I can see a case for an L, but I probably build my case on different foundations than most people who worry about L's.
There's a menu of common reasons that economists point to in looking for an explanation:
- The article talks about the incorporation of huge labor forces from developed countries into the global economy and how that's a drag on rich-country economies.
- There's also a passing reference to the need for "structural reforms" in Japan.
- Some people talk about demographic shifts, with rich countries having older populations and a smaller share of people in their prime working years.
- There's the inequality thread: wages have stagnated for most people while productivity has risen strongly, and that's keeping demand low. (This Jared Bernstein paper actually ranges much wider than that, but it includes that argument. There's also a literature that cites lower levels of initial inequality as a factor allowing some poor countries to grow out of poverty faster than others.)
- The inequality is feeding disproportionate political power, which in turn locks us into policies that benefit a few but damage growth.
- Fast-advancing technology replacing more and more labor, faster than the economy can come up with new things for the displaced labor to do (and get paid for).
I'd say all of those have some merit (though the "structural reforms" thing seems to me more of a symptom—if growth were good, the fiscal drag of current policies would largely go away; the other problems on the list aren't magically solved by growth itself).
But there's a big factor omitted from all mainstream discussion, which is that resource constraints are making it harder for economies to grow. Putting it in rather simple terms, cheap energy can support widespread high-paying jobs, while expensive energy can only support a small number of high-paying jobs; if there are going to be lots of jobs, they can only be low-paying. So even though the working-class is generally stagnating in the rich countries, their wages are still too high for the energy regime we've been in for about 10 years now; and since laws and expectations and fairness all make it hard to reduce wages in rich countries, we're stuck with slow growth. In poor countries, wages are higher than they were, but still a lot lower than here, and thus low enough for employment to expand even when energy is expensive.
(And look at
one of the counterarguments to the concern about robots: Sure, machines will reduce labor's
share of income, but once we remove the expense of labor for producing things, we'll be living in a world of abundance, so the median person will nonetheless have more access to stuff than today. Without the merest consideration of the idea that providing medical care, driving people around, growing their food is still going to take energy and other resources, and there are tougher limits on replacing that than on replacing human labor.)

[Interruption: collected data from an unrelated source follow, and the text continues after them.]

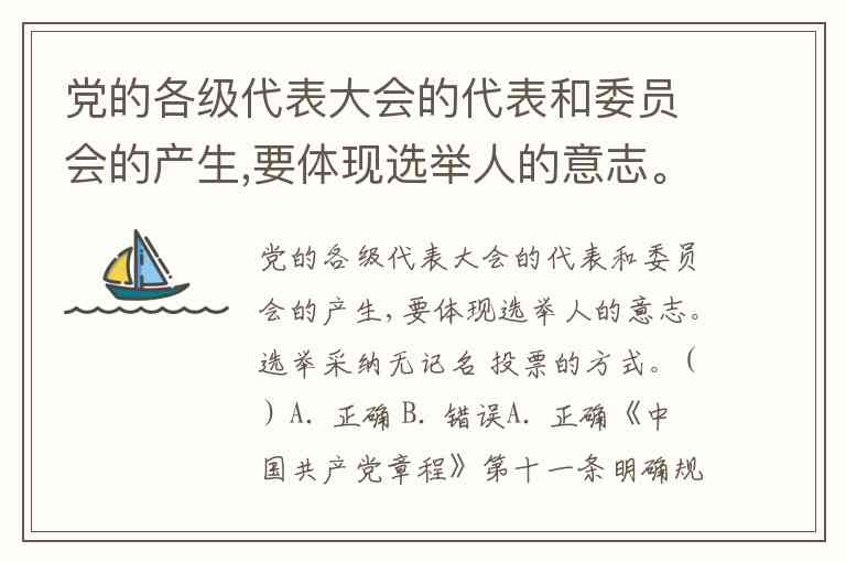 党的各级代表大会的代表和委员会的产生,要体现选举人的意志。选举采纳无记名 投票的方式。( ) A. 正确 B. 错误
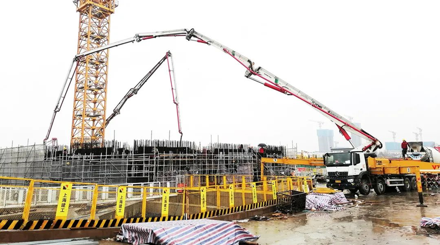 此次底板澆筑的混凝強(qiáng)度等級(jí)達(dá)C50P10,屬于高強(qiáng)度混凝土,其配合比更是屬于施工方“量身定制”,混凝土性能提升的同時(shí)也給泵車施工帶來了巨大的壓力。
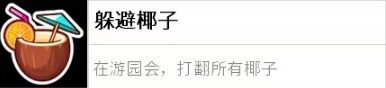 三次游乐园任务里,任意一次把椰子摊所有椰子扫落一地即可。不用全图找,盯紧一个摊位猛冲就行。

So, yeah—maybe an L-shaped non-recovery.
But even that is implicitly asking the wrong question, by assuming that recovery means return to GDP growth rates that were normal in the post-WWII era. If you take resource constraints seriously (not just "Are there limits on how much we can get our hands on?", but, "Are there limits on how much we can burn without ending up really, really sorry?"), then you're led pretty quickly to a very different question. Not, "How do we get the economy growing again?", but, "How do we arrange a decent standard of living for as many people as possible in a system that feels basically fair to most people, while limiting our ecological impact?"
That may sound like a sustainability question or an environmental question, because of the last clause. But it's also a deeply economic question. We have the technological ability to do less in total and still have enough for a decent material standard of living for all. But markets aren't good at answering the question of how to do that, and reliance on the state has its pitfalls, too.
So I don't have an easy answer, but I think it would help if more economists were asking the right question.